Friday, February 22, 2013

First Shift Completed

When we planned this trip, we had a choice to either work with just one organization for the whole time, or to split between different groups to find more variety. Variety won out, though at the cost of knowing that our contribution to each group is fairly minimal. Thursday was our last day working with UBECI, the organization that strives to proved education to the children of market workers in and around Quito. We are taking a few days off to travel (more on that later), then we head north to Otavalo to work in the next school.

For those who love children, it is difficult to resist the allure of a charming face, or the ease with which a young child can bond so easily with complete strangers. Fund raisers are well aware of this of course, hence the preponderance of the 'desperate' child gazing into the camera. UBECI have a policy of only allowing volunteers to bring cameras to the classes on their last days of working (and many are here for six months or more, typically in a gap year from college studies). Part of the reasoning is that we are there to work with the kids, not to treat them like tourist attractions. Given that, we can now post some pictures to illustrate more clearly what a day in the life of an UBECI class is like. Shown below is the sequence of volunteers traveling by bus to the market, collecting children, playing, reading, exercising and so forth. This is just one of three different markets we visit.

As written in an earlier post, it can become quite challenging to speculate about how many of these kids will benefit significantly in the long run from what UBECI has to offer. There is no way of knowing at present. Byron and Monica, the two who run the program are more or less forced to operate on a month-to-month basis, with funding often uncertain. We are left with the need to depend on hope - hope that funding will materialize, and hope that all of the efforts do indeed provide substantial benefit to many of the kids in the long term.
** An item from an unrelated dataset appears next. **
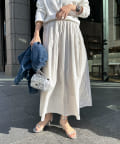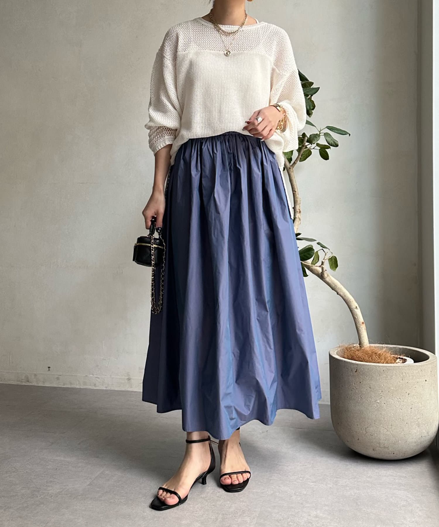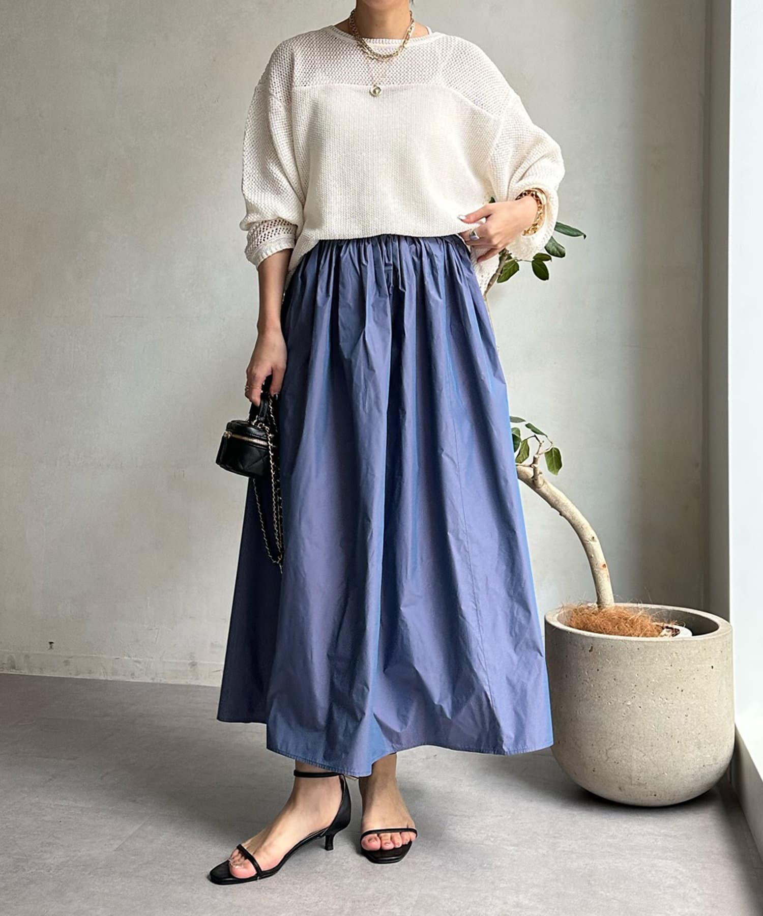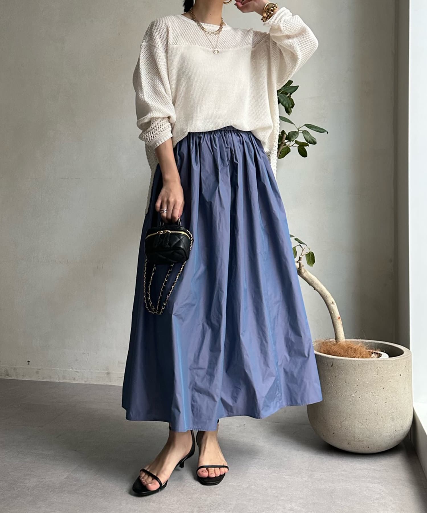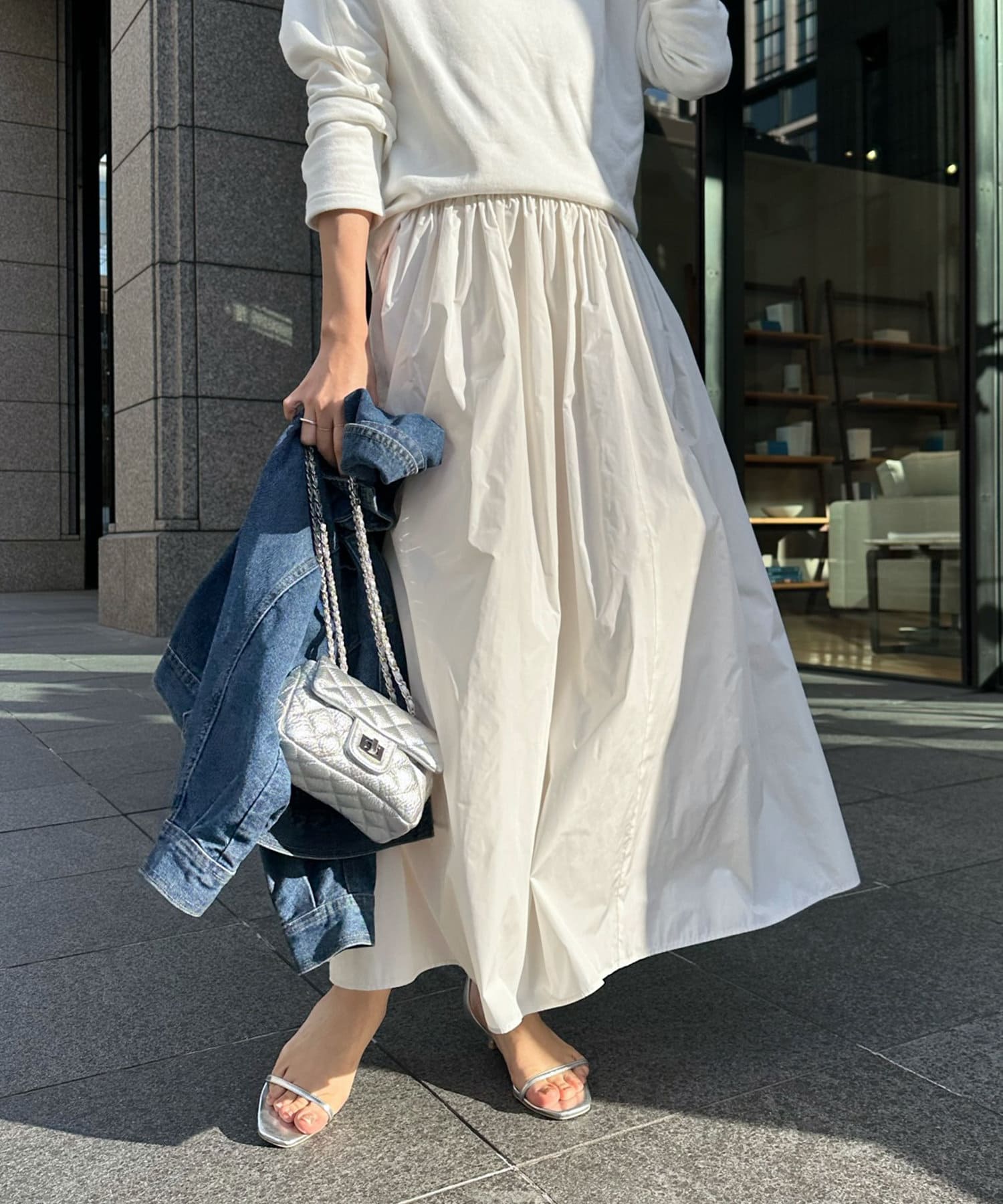 たっぷりのギャザーで、ふんわりとAラインに広がるボリュームが女性らしさとこなれ感を演出するスカート。

In the short term, there is no doubt that many of the kids are eager to attend, and enjoy the activities. They play with the toys, practice reading (in some cases), dance, sing songs, learn about physical exercise, and complete often basic but important elementary activities (such as learning numbers, shapes, or, for some of the older kids, practicing their math facts). At a time when so many people have so much to say and argue about educational policy in all its various forms, there is something very refreshing about simply being on the front lines, working directly with the kids, and seeing the gratification they get from taking a project home to their Mami's and Papi's when they return to their respective market stalls.